═════ Collected data ═════
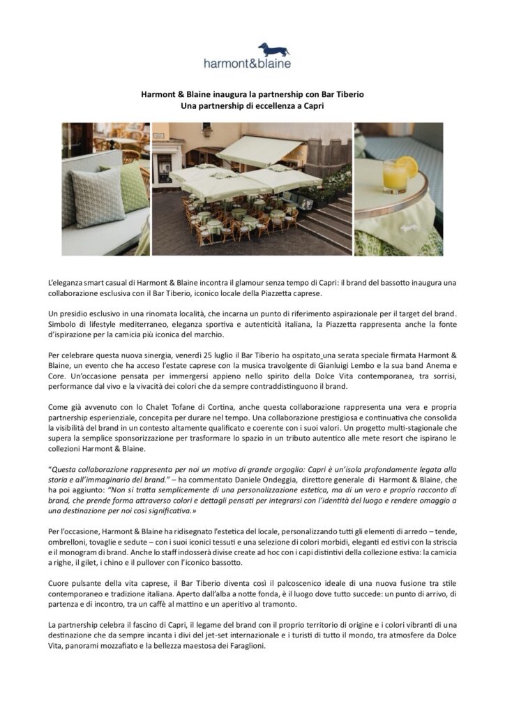 Harmont & Blaine Capri e Bar Tiberio Il Giornale Notizie in tempo reale Luglio 29, 2025Redazione Condividi su
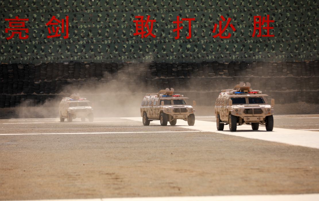 战车轰鸣,热浪滚滚。盛夏午后,西北戈壁油城地表温度达40℃,武警新疆总队克拉玛依支队一场全要素实兵综合演练激战正酣。
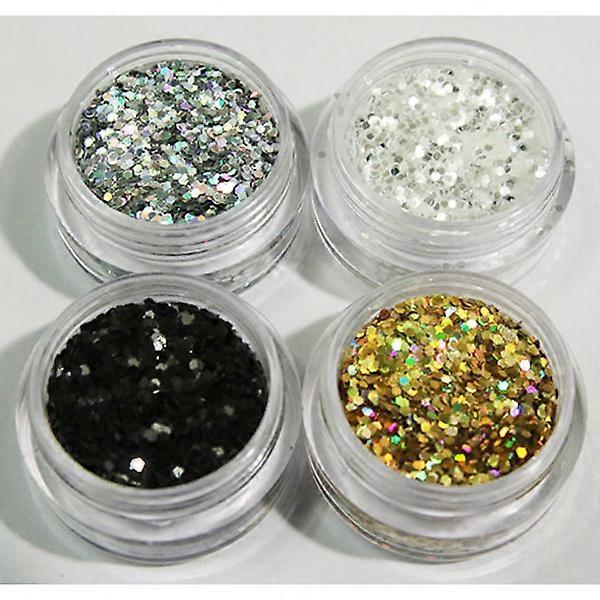 Glitter packaged in 8ml jars total weight approx. 12g per jar! A glitter that you can have for everything! Body Hair Nails Makeup Crafts Or what can you come up with with it? Color: Silver, White ice, Black & Gold Size of the jars: 3cm in diameter 8ml Brand: Otego Hexagon glitter in basic colors, the glitter can be used for everything, including nails, makeup, hair or why not use it for some crafts 4pcs hexagon glitter in the colors silver, white ice, black & gold, Size of the jars: 3cm in diameter, 8ml, weight approx. 12g per jar
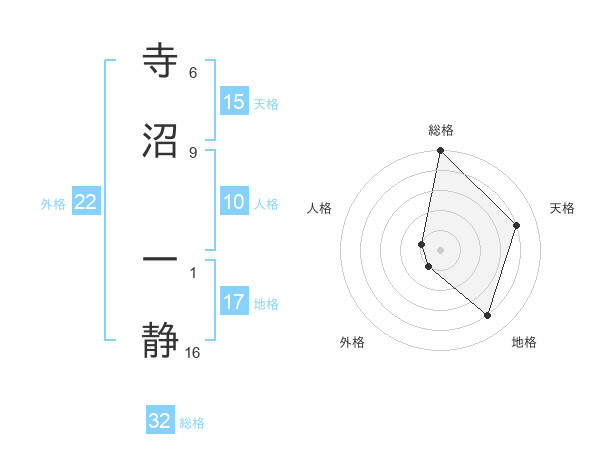 寺沼 一静さんの総格は32画の5点!
═════
### [What needs to be done]
Only the lines from the one containing "战车轰鸣,热浪滚滚。盛夏午后" through the end of the listing should be output, word for word and inclusive; keep pictures out.

### [Output below]
 战车轰鸣,热浪滚滚。盛夏午后,西北戈壁油城地表温度达40℃,武警新疆总队克拉玛依支队一场全要素实兵综合演练激战正酣。
 Glitter packaged in 8ml jars total weight approx. 12g per jar! A glitter that you can have for everything! Body Hair Nails Makeup Crafts Or what can you come up with with it? Color: Silver, White ice, Black & Gold Size of the jars: 3cm in diameter 8ml Brand: Otego Hexagon glitter in basic colors, the glitter can be used for everything, including nails, makeup, hair or why not use it for some crafts 4pcs hexagon glitter in the colors silver, white ice, black & gold, Size of the jars: 3cm in diameter, 8ml, weight approx. 12g per jar
 寺沼 一静さんの総格は32画の5点!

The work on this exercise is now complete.